Я, конечно, отшучивался от дурацкого наваждения, ну, а мысль-то запала и раскручивалась ночами. К утру становилось ясно, что все бред, что через маму я перешагнуть все равно не смогу, куда мне без нее!

— Мы, конечно, шутим, — говорю я Вене, — но я бы свою Мани за что не продал.

— Так что же она, идиот ты мой ласковый, с тобой в лагерь пойдет?

— Пошла бы, но, поскольку не пустят, будет ждать.

— Ну и катись ты в бога, душу, в пердолёну дупу, кретин... Через день его убрали, а я так по сей день и не понял — был ли он занятный трепач или подсадная утка и щупал меня «по поручению», но не подошел я по мало авантюрным своим параметрам.

Недели через две вызвал меня следователь, сказал: «Все, передаю вас в трибунал. Рукопись я исключил. Вашего дурака композитора - тоже. А вы, по-моему, просто мальчишка, но лет пять за глупость вам дадут. Жалоб нет? Распишитесь».

Трибунал оказался не очень страшным. Рыжий с белыми ресницами майор-председатель, пожилая, много курящая женщина-военюрист с узкими погонами и старлей, который все присасывал больной зуб. Председатель был груб, цеплялся к мелочам, назвал меня подонком. Меня заело, я спросил, не пересолила ли ему жена яичницу. Приговор отбарабанили и отштамповали минут за десять, даже советоваться не выходили - чего задницу зря от стула отрывать? Я огрызнулся со зла:

— Ишь, как у вас это ловко-быстренько! В парикмахерской и то дольше...

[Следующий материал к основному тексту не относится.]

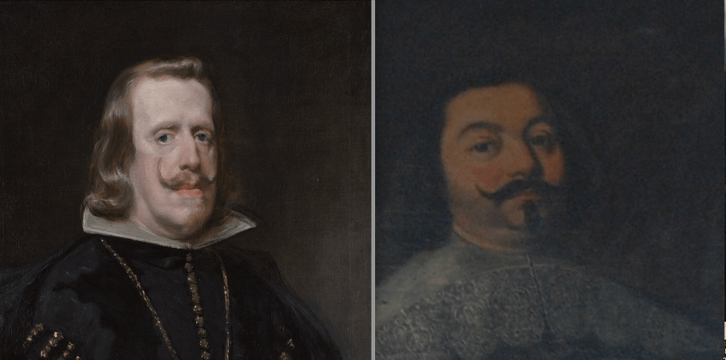 Left: Diego Velázquez (1599–1660), detail of portrait of Philip IV of Spain (1656). Credit: National Gallery, London / Wikimedia Commons. Right: detail of portrait by unknown artist of Niccolò Ludovisi in Casino dell’Aurora, Rome. Credit: HSH Princess Rita Boncompagni Ludovisi.
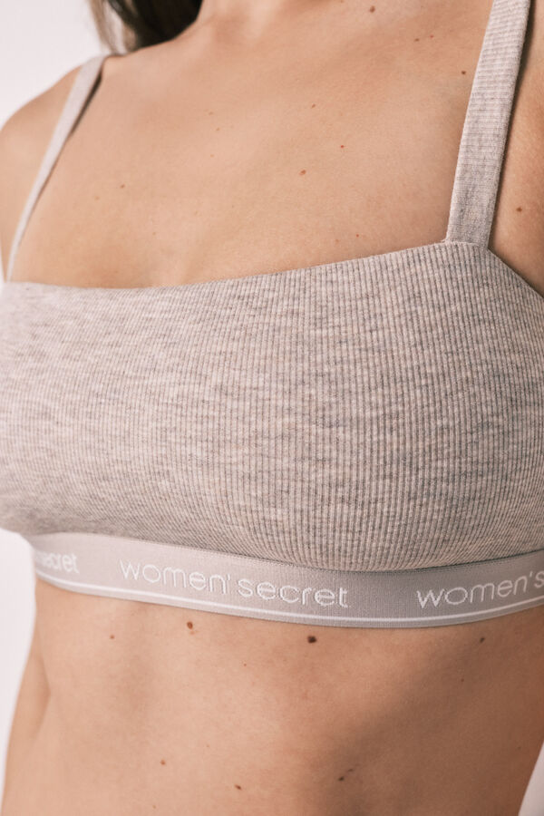 Sujetador tipo top, con escote recto y sin relleno, confeccionado con algodón, en tejido de canalé. Con detalle de goma con logo de bajo del pecho. Para quienes buscan comodidad sin renunciar a la sujeción.

— Осужденный, я вижу, вам восемь лет с поражением мало!

— Ну, нет. В самый раз...

И меня увели в камеру.

А назавтра в черной «эмке», снова без наручников, меня, зека, повезли в мой первый этап. Машина с трудом вырвалась из вязкой уличной толпы и понеслась с ветерком по шоссе. И тут слу-

126

чилось невероятное, будто сочиненное, никто, пожалуй, мне не поверит, да и сам я себе не верю. Шофер включил радио, и сразу после «новин польских» прорвались звуки небольшого оркестра, исполнившего с хором мою «Песню Победы». Майор Кабачников хорошо оркестровал ее, тут были и сакс, и тромбон, были слова, только все это было теперь «не мое»... Я стиснул руками уши.

— Что с вами? - спросил лейтенант.

— Эту песню написал я. А играет ее с оркестром «мой лучший друг» майор Кабачников...

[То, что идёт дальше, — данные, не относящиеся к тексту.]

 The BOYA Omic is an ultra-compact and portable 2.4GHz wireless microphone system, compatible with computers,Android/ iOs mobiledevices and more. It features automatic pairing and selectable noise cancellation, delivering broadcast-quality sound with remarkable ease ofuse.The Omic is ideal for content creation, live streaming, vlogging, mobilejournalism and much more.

— Н-да...а, — сочувственно промычал лейтенант. — Бывает... Ну да ладно, восемь лет — это, знаете ли, не конец света. Зря надерзили председателю трибунала, вам могли пять дать. Закурите-ка...

Это он утешал меня, мой мрачный следователь, в первый день по-божески данного мне срока. От затяжки кругом пошла голова, отвык я от табака. Ехали мы хорошо, не спеша, сквозь блики солнца и под музыку, почти как Штраус с Карлой Доннер. Хотелось, чтобы это длилось вечно. Однако нас снова обступили людные улицы, развеселая катовицкая толпа, и началась уже такая фантасмагория, которую так я и не смог понять за сорок последующих лет. Лейтенант попросил остановиться.

— Пойду, куплю сигарет... - сказал он. Чуть погодя вышел из машины водитель.

— Пойду, побрызгаю... - и ушел в подворотню.

А я, свежеприговоренный, остался один в машине посреди уличной неразберихи и толкотни с моим восьмилетним сроком. Стоило мне открыть дверцу, сделать шаг, и бывший советский жолнеж растворился бы среди вольных людей. Война много напутала во взаимоотношениях, ручаюсь, что в первом же доме меня, не спрашивая, переодели бы в штатское, сделали бы мне документы, помогли бы уехать. Что это было? Снова испытание моих авантюрных возможностей, провокация, путь к «свободе под колпаком»? Или просто легкомыслие победителей, русское авось? Я так никогда и не узнал этого. Вернулись по очереди мои странные стражи. В их кряхтении мне почудилось неодобрение. Дверцы захлопнулись, и мы, сигналя, с трудом выбрались из толпы.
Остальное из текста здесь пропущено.